We constructed the variant calling pipeline for short reads according to Genome Analysis Toolkit (GATK) best practices recommendations (Van der Auwera et al., 2013). Reads, quality-checked via FastQC toolkit, were then mapped to reference hg19 human genome with BWA (Burrows-Wheeler Algorithm) aligner v.0.7.12-r1044 (Li et al., 2009). We applied the Picard MarkDuplicates utility for deduplication and realigned reads on target intervals (MT chromosome, 1-16569) with IndelRealigner following RealignerTargetCreator, respectively. After that, realigned BAM files were exposed to the base recalibration (BQSR) procedure via GATK BaseRecalibrator. Variants were identified using GATK HaplotypeCaller in the emit reference confidence (ERC)

GVCF mode. All samples included in the dataset were jointly genotyped with the GATK GenotypeGVCFs tool. Variant filtration was done using Variant Quality Score Recalibration (VQSR) with stringent filtering criteria (SNP and insertion and deletions (INDEL) sensitivity 90.0) (DePristo et al., 2011). Finally, VCF files were annotated with SnpEff and SnpSift (Cingolani et al., 2012) using dbSNP v.151 and ClinVar v. 2019-01-10 databases.

ONT data analysis

The pipeline scheme for processing Nanopore and Illumina data is presented in Suppl. 1. Raw ONT sequencing files in FAST5 format obtained with MinKNOW software were processed with Guppy v3.2.1 (guppy_base-caller). We then cleaned individual FASTQ files from insignificant technical sequences applying guppy_barcod-er in the "trim_barcodes" mode. Only those reads that passed filters were retained for further analysis. Selected reads were then aligned on the reference mitochondrial genome (NC_012920) with the minimap2 v2.17 aligner (Li, 2018), and the BAM files obtained were sorted and indexed. The sequencing depth was evaluated via SAMtools depth (Li and Durbin, 2010) (Table S1, Table S2, Supplementary Data Set1). We then launched several callers to identify variants: Clairvoyante v1.02 (Luo et al., 2019) with a pre-trained model for Minion R9.4 samples (NA12878), Nanopolish v0.13.1 (Loman et al., 2015) with reads previously indexed via Nanopolish index, Longshot v0.4.3 (Edge and Bansal, 2019), and DeepVariant v1.1.0 (Poplin et al., 2018) utilities were launched in defaults modes. GATK was applied identically to what was described above, and Varscan v2.4.0 was launched at the SAMtools mpileup output with strict settings (-min-coverage 100, min-reads2 50) due to high sequencing depth (Koboldt et al., 2012).

Statistical analysis

Results from VCF files were aggregated into a single table (Table S3) using a custom Python script, gathering the data referred to variants' annotation, allele frequency (AF), GC-content, per-site depth, calling type (homozygous/heterozygous). GC-content was evaluated in accordance with the allele frequency for each site, multiplying the number of purines/pyrimidines by AF rates for alternative and reference alleles and averaging the results. Apart from the summarized table, the same characteristics were reported for each instrument separately (Table S7). If the data was missed, as in the case of false-negative calls, the average values were attributed. The variants reported were checked for consistency with respective Illumina-based results and characterized ac-

1 Supplemental material to the article is available at https:// biocomm.spbu.ru/article/view/8649.

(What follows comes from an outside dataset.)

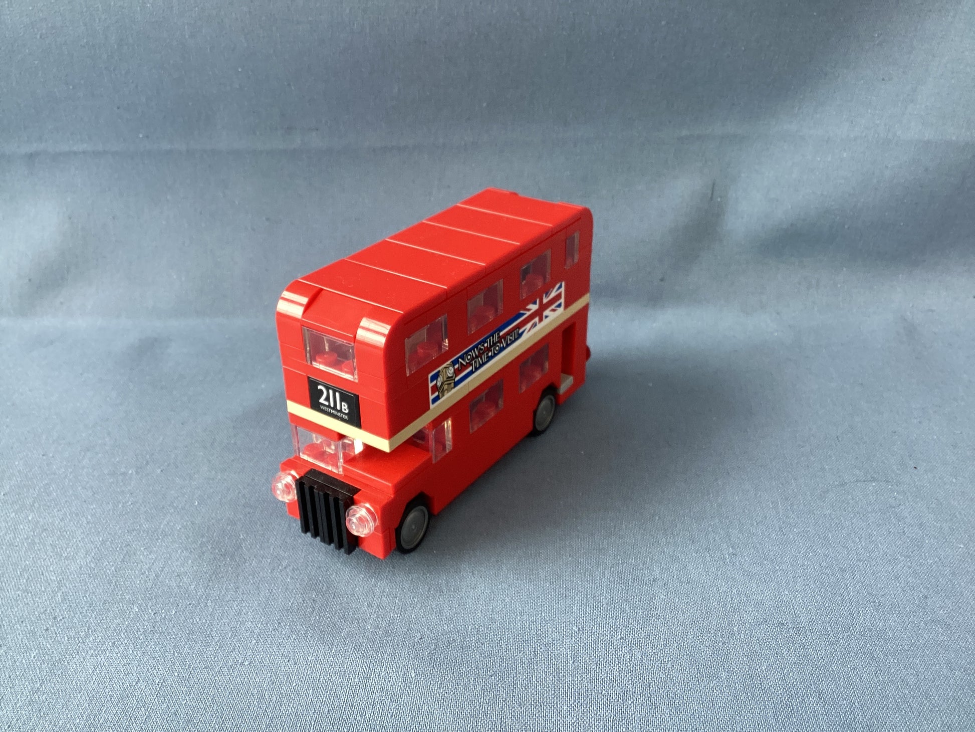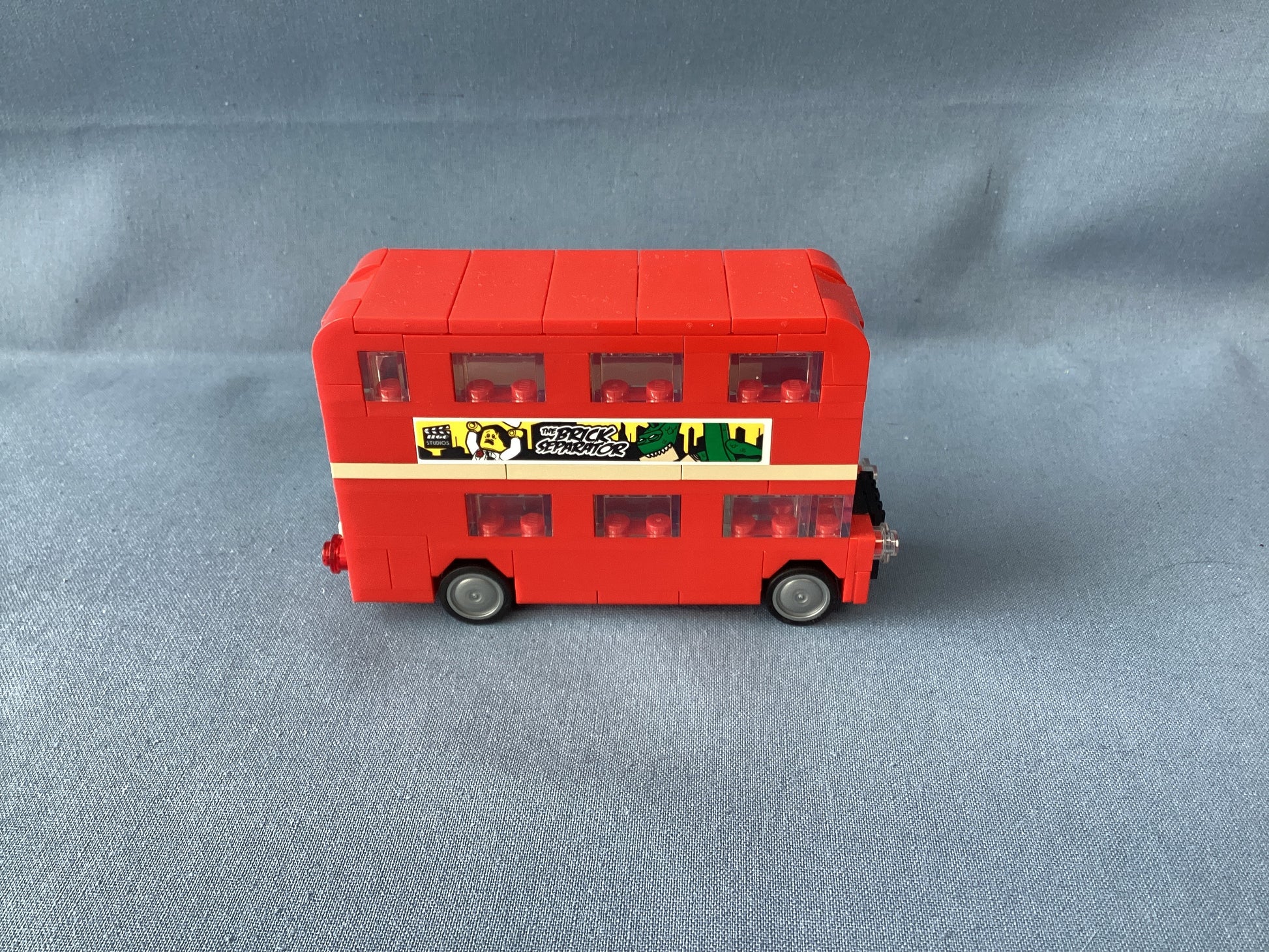 Recreate a classic London landmark on a smaller scale with this charming mini double-decker bus. Featuring working wheels, transparent windows, light elements, and stickered details like route numbers and advertising banners, it’s a compact and fun build designed to delight fans of London-themed LEGO Creator sets. Measures approximately 6 cm high, 11 cm long, and 3 cm wide .
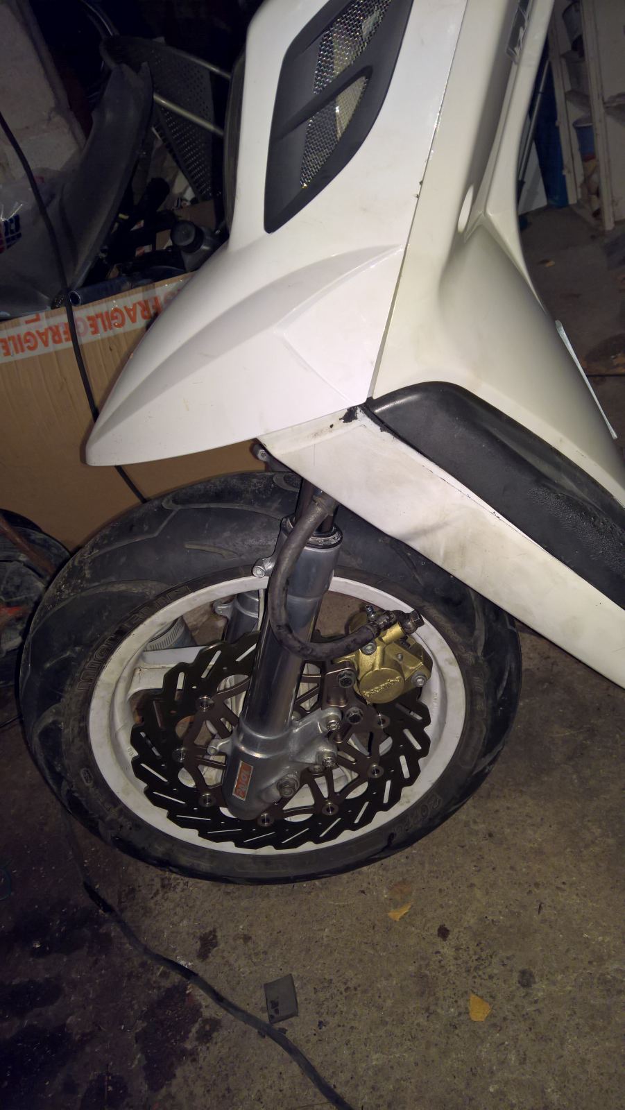 nathan 2917 Posté(e) le 12 avril 2017 Signaler Posté(e) le 12 avril 2017 il y a une heure, Warrick a dit : il me parait un peu grand comme disque et est-ce qu'il s'adapte sur le gros étrier Stage6 http://www.maxiscoot.com/stage6-étrier-de-frein-avant-4-pistons-s6-1400375-ha.html et quelle différence il y a entre celui-ci: http://www.maxiscoot.com/s6-1400380-bk.html et celui d'origine en Brembo ? Pour te répondre S1626 le côté gauche des carénages est griffé et il manque le sitcker de droite sur la face avant franchement j en sais rien de la dif... oui il va sur tous les disques

cordingly (namely, as true positives, false negatives, and false positives).

Statistical analysis was performed using R v.3.6.2 language. We applied the nonparametric Wilcox test for group comparisons and adjusted resultant p-values if multiple comparisons occurred using FDR (false discovery rate) adjustment. Several approaches were obtained to test variant callers' efficacy. To characterize the similarity of the outputs, we calculated the pairwise Jaccard coefficient as a ratio of common variants to their sum (Suppl. 3). The data were binarized by assigning 1 and 0 if the variants were reported/absent in the output. Next, we used these binarized vectors to build characteristics ROC (receiver operating characteristic) curves which were compared with DeLong's test followed by FDR adjustment of p-values using the pROC v1.17.0.1 package (Robin et al., 2011). To determine the most significant factors affecting long reads-based variant calling, we built a generalized linear mixed model with tools interpreted as groups to account for mixed effects utilizing the glmer function from the lmer4 v1.1-26 package (Bates et al., 2015). The model selection process was carried out according to the algorithm described by Peng and Lu (2012). Data visualization was performed with the ggplot2 v.3.3.0 (Wickham, 2016) and ggsci v2.9 packages.

Results

Sequencing output

In our study, the library comprising 8 samples with individual barcodes was analyzed. After 24h MinlON flow-cell sequencing, a total of 399 FAST5 files (62 Gb) were generated. The FAST5-to-FASTQ conversion dramatically reduced the data amount to 8.9 Gb of files containing 1,593,000 collected reads. The amount of analyzable reads gradually decreased when considering passing filters (1,463,255), inferring those with recognizable barcodes (932,558), and finally, selecting successfully mapped ones (651,610). No such dramatic loss (almost 2.5 times) was noticed for the Illumina data. Raw signals were transformed to 16 paired FASTQ files with a total volume of 569 Mb via Illumina bcl2fastq2 conversion software, and the demultiplexed files obtained comprised 7,291,354 reads, of which 4,406,087 were aligned on the reference mtDNA sequence. Although the resultant loss for short reads was lower (1.6 times), long reads were more robust to alignment-based loss (1.4 times instead).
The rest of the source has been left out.